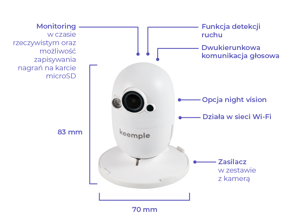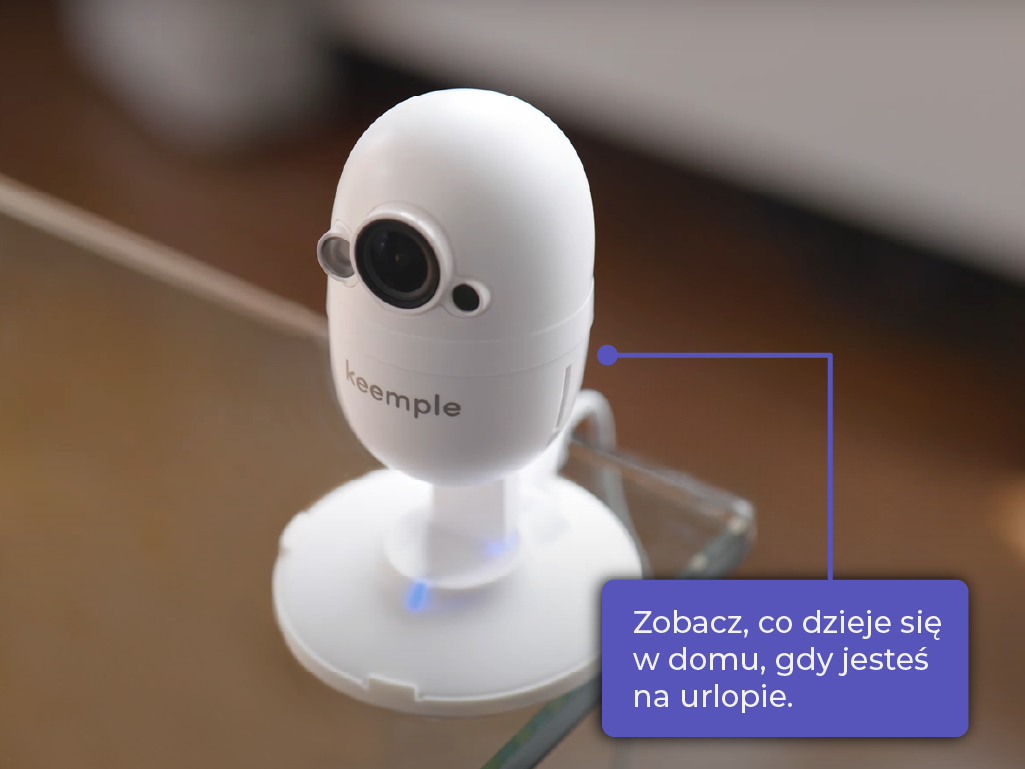 Kamera Keemple – kamera do monitoringu domowego z podglądem na żywo. To urządzenie przeznaczone do monitorowania wnętrz. Umożliwia podgląd w czasie rzeczywistym przez aplikację Keemple 2.0. Pozwala nagrywać wideo i zapisywać materiał do późniejszego odtworzenia na karcie microSD. Wyposażona jest w funkcję detekcji ruchu. Posiada również wbudowany mikrofon i głośnik, co pozwala na dwukierunkową komunikację głosową z osobami znajdującymi się w domu. Sprawdza się jako kamera do domu, mieszkania lub biura.
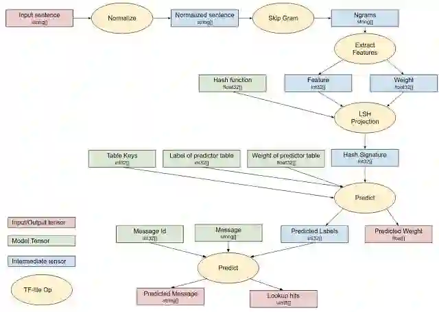 有趣的是,上面描述的ML架构允许灵活选择底层模型。我们还设计了与不同机器学习方法兼容的架构——例如,当使用TensorFlow深度学习时,我们学习了一个用于底层模型的轻量级的神经网络(ProjectionNet),而不同的架构(ProjectionGraph)则使用图形框架代替神经网络来表示模型。
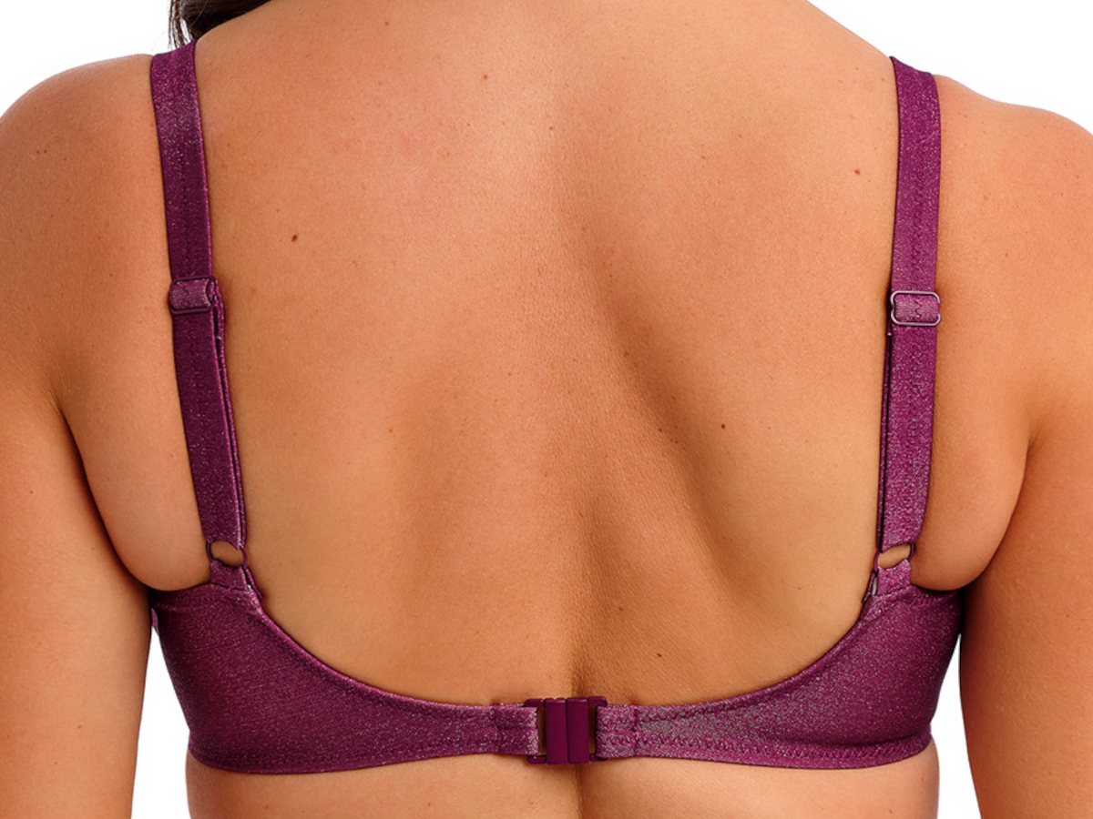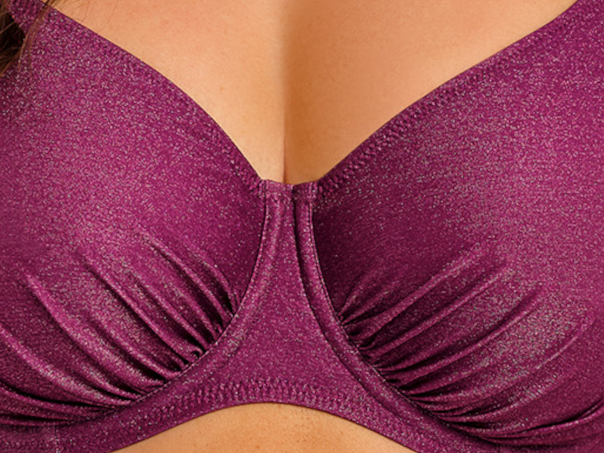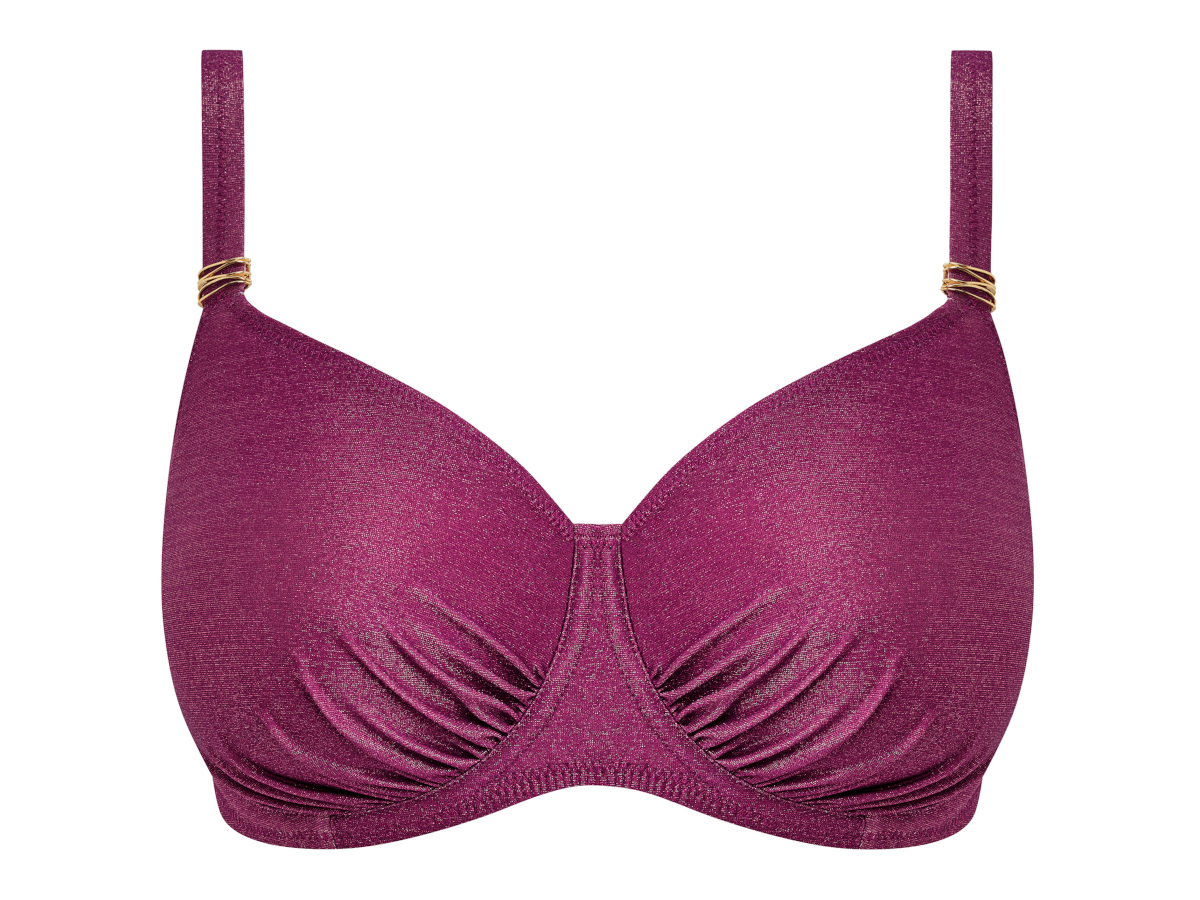 Objevte nadčasovou eleganci plavek Fantasie Paros Coast v sytě fialové barvě. Materiál se díky obsahu kovového vlákna jemně třpytí a dodává celé kolekci na eleganci. Vrchní podprsenkový díl ve střihu full cup má klasický střih s vyšším středem a s větším krytím ve výstřihu. Nařasené košíčky lichotí všem tvarům poprsí. Vnitřní třídílný košíček prsa krásně vytvaruje a díky boční opoře je drží hezky u sebe. Obvod je podšitý síťovinou Powernet pro lepší podporu a má zapínání na klasickou pevnou plavkovou sponu. Pevná ramínka jsou samozřejmě výškově nastavitelná. Doplňky na ramínkách ve zlaté barvě, které se na slunci nezahřívají, dodávají plavkám na jejich jedinečnosti. PLAVKY PRODÁVÁME POUZE JAKO KOMPLET, PŘIDEJTE PROSÍM DO KOŠÍKU TAKÉ SPODNÍ DÍL, POKUD JE DOSTUPNÝ. Na výběr jsou dva střihy plavkových kalhotek, které najdete v doporučeném souvisejícím zboží.
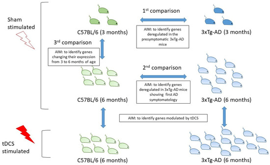 As reported in Figure 1, the main aim of this study is to further characterize the blood transcriptome profile of the 3xTg-AD mouse by analyzing mice at three and six months of age, in order to identify peripheral biomarkers of AD progression and prognosis. In particular, we studied the expression profile of pre-symptomatic three-month-old mice and of symptomatic six-month-old mice compared to age-matched control mice (C57BL/6); in this way, we could better analyze which genes and pathways are modulated by the 3xTg-AD mice’s genetic background and which are modulated by age and the onset of AD symptomatology. To assess if gene expression changes in blood can also be exploited to study the brain response to external stimulation, we also analyzed the transcriptome profile of mice that underwent anodal transcranial Direct Current Stimulation (tDCS). tDCS is a noninvasive brain stimulation technique that is able to modulate cortical excitability through the release of a weak electrical current. In particular, anodal stimulation is known to depolarize neurons, to increase the probability of action potentials occurring and to induce synaptic plasticity [16,17,18]. The effects of tDCS on brain gene expression have been previously assessed in different animal models, revealing its ability to modulate the expression of genes involved in the mechanisms of synaptic plasticity and neuronal activity [19,20,21,22]; however, to date no studies have investigated its effects at the blood level.
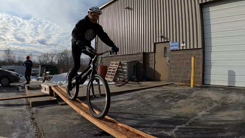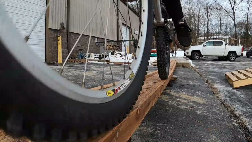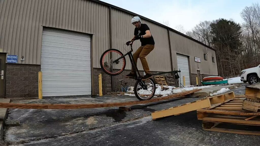 What I wanted to do is go halfway across the bouncy skinny, go to rear wheel, pivot 90 degrees, then gap to a nearby stack of pallets, then ride over the stack. I didn’t realize that the skinny beam could spring back faster than I can hop, so it essentially “sticks” to your wheels. So of course the first few attempts were just silly. And as a result, everyone else wanted to try it: “Hahaha, that was ridiculous. I’ll bet I can do it!”
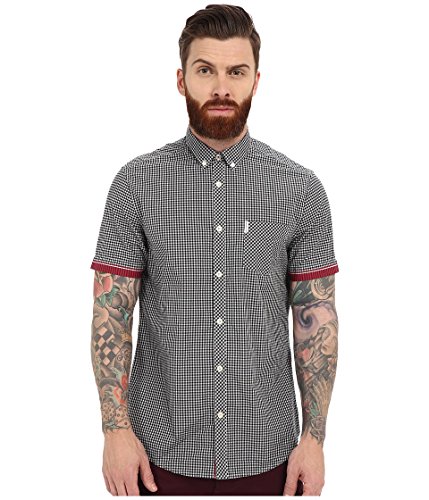Ben Sherman Men's Short Sleeve Button-Down Shirt with Contrast Cuff, Jet Black, Large
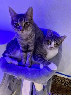 Sasha and Fancy (white nose) are siblings who love each fiercely. They are a bonded pair and are excited about finding their forever home. They were born mid-October 2025. They are spayed and up to date on vaccines.
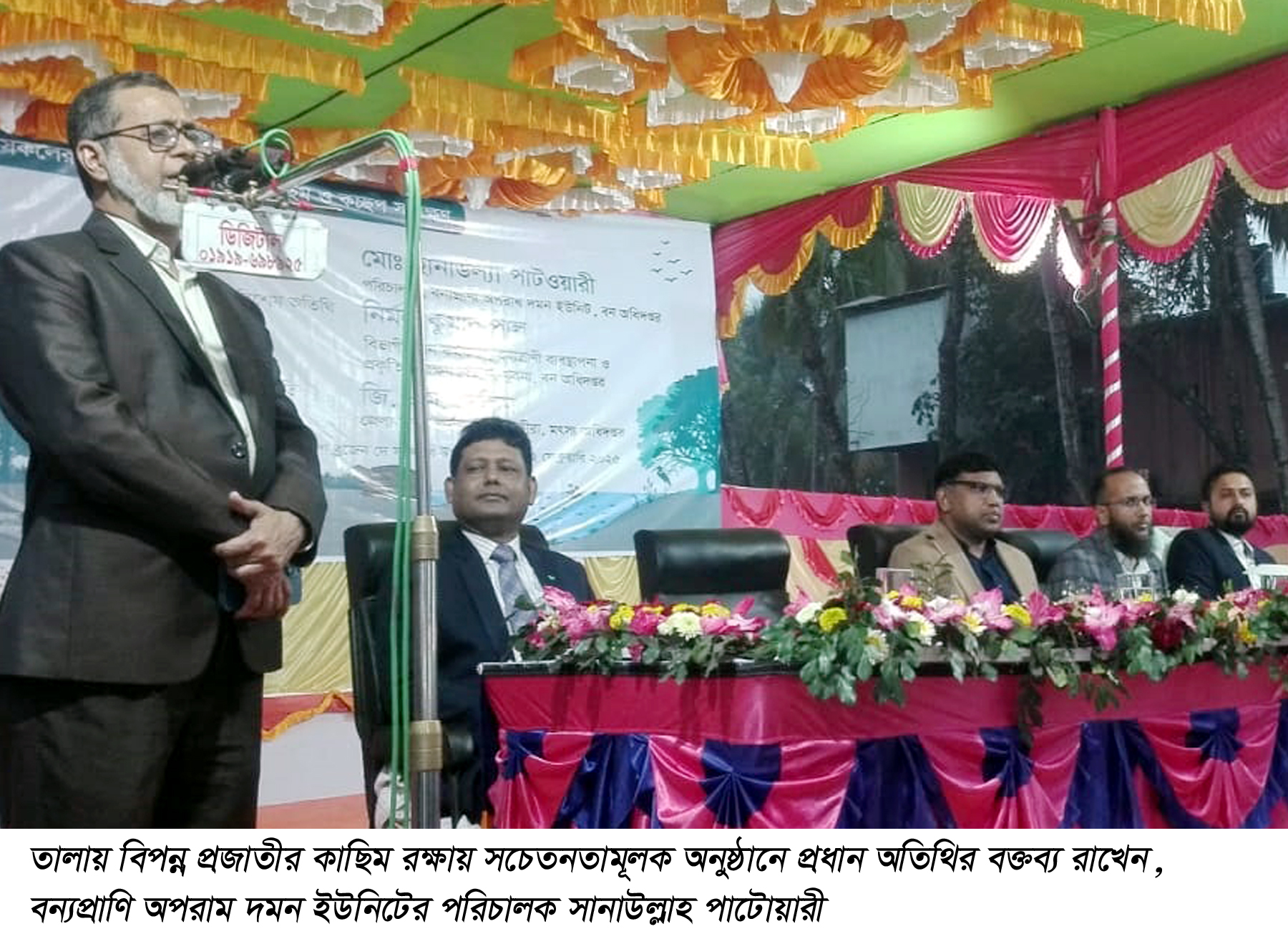এ উপলক্ষ্যে সাতক্ষীরার তালা বি. দে. সরকারি উচ্চ বিদ্যালয় মাঠে উদ্বোধনী অনুষ্ঠানে সভাপতিত্ব করেন, সাতক্ষীরা জেলা মৎস্য অফিসার জি. এম. সেলিম। অনুষ্ঠানে প্রধান অিতিথি হিসেবে বক্তব্য রাখেন, বাংলাদেশ বন অধিদপ্তরের ওয়াইল্ডলাইফ ক্রাইম কন্ট্রোল ইউনিটের পরিচালক সানাউল্লাহ পাটোয়ারী। স্বাগত বক্তব্য রাখেন, ওয়াইল্ডলাইফ কনজারভেশন সোসাইটির বাংলাদেশ নিযুক্ত কান্ট্রি ডিরেক্টর ড. মো. জাহাঙ্গীর আলম। এসময় বিশেষ অতিথির বক্তব্য রাখেন, বাংলাদেশ বন অধিদপ্তরের ওয়াইল্ডলাইফ ক্রাইম কন্ট্রোল ইউনিটের মৎস্য বিশেষজ্ঞ মফিজুর রহমান চৌধুরী, আব্দুল্লাহ আস সাদিক ও তালা উপজেলা মৎস্য অফিসার তারেক ইমাম। অনুষ্ঠান পরিচালনা করেন, ডব্লিউসিএস’র প্রকল্প সমন্বয়কারী সামিউল মহাসিন ও নাদিম।
____
Your task is to copy exactly the lines from the line containing "Ben Sherman Men's" through the final line of the listing above and to omit every picture.

▸ Problem solution:
Ben Sherman Men's Short Sleeve Button-Down Shirt with Contrast Cuff, Jet Black, Large
 Sasha and Fancy (white nose) are siblings who love each fiercely. They are a bonded pair and are excited about finding their forever home. They were born mid-October 2025. They are spayed and up to date on vaccines.
এ উপলক্ষ্যে সাতক্ষীরার তালা বি. দে. সরকারি উচ্চ বিদ্যালয় মাঠে উদ্বোধনী অনুষ্ঠানে সভাপতিত্ব করেন, সাতক্ষীরা জেলা মৎস্য অফিসার জি. এম. সেলিম। অনুষ্ঠানে প্রধান অিতিথি হিসেবে বক্তব্য রাখেন, বাংলাদেশ বন অধিদপ্তরের ওয়াইল্ডলাইফ ক্রাইম কন্ট্রোল ইউনিটের পরিচালক সানাউল্লাহ পাটোয়ারী। স্বাগত বক্তব্য রাখেন, ওয়াইল্ডলাইফ কনজারভেশন সোসাইটির বাংলাদেশ নিযুক্ত কান্ট্রি ডিরেক্টর ড. মো. জাহাঙ্গীর আলম। এসময় বিশেষ অতিথির বক্তব্য রাখেন, বাংলাদেশ বন অধিদপ্তরের ওয়াইল্ডলাইফ ক্রাইম কন্ট্রোল ইউনিটের মৎস্য বিশেষজ্ঞ মফিজুর রহমান চৌধুরী, আব্দুল্লাহ আস সাদিক ও তালা উপজেলা মৎস্য অফিসার তারেক ইমাম। অনুষ্ঠান পরিচালনা করেন, ডব্লিউসিএস’র প্রকল্প সমন্বয়কারী সামিউল মহাসিন ও নাদিম।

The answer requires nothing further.